**WORK ORDER**
Print the lines below word for word, beginning with the first and ending with the line that holds "Brea Maxi Dress", and skip every picture.

**MATERIAL PROVIDED**
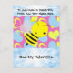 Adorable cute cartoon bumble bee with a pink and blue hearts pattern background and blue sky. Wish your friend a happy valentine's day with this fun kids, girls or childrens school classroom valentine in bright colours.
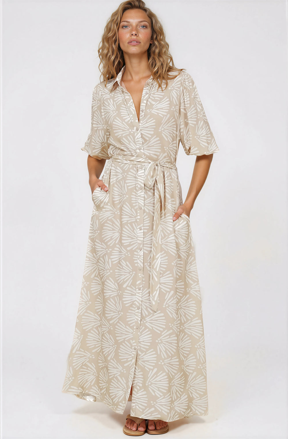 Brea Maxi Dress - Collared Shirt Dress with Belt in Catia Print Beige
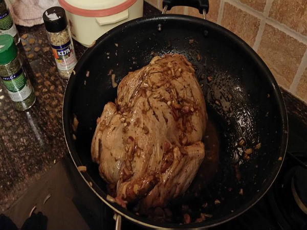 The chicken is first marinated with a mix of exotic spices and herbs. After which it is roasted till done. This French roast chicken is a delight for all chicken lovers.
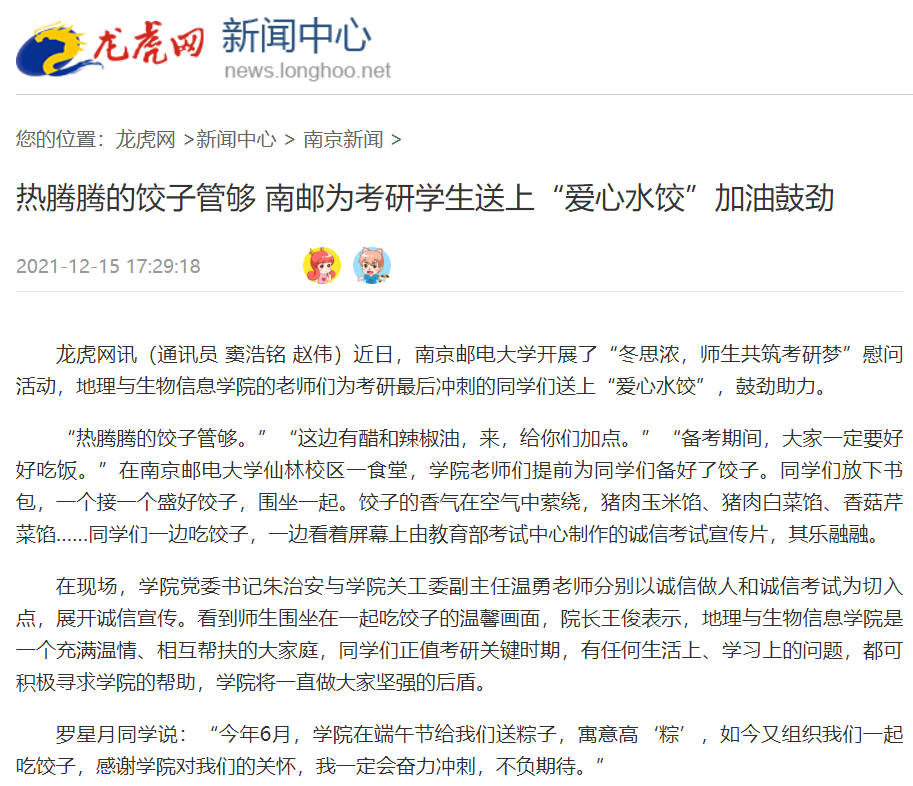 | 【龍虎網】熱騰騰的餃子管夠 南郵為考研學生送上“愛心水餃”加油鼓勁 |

**RESULT FOR THIS EXERCISE**
 Adorable cute cartoon bumble bee with a pink and blue hearts pattern background and blue sky. Wish your friend a happy valentine's day with this fun kids, girls or childrens school classroom valentine in bright colours.
 Brea Maxi Dress - Collared Shirt Dress with Belt in Catia Print Beige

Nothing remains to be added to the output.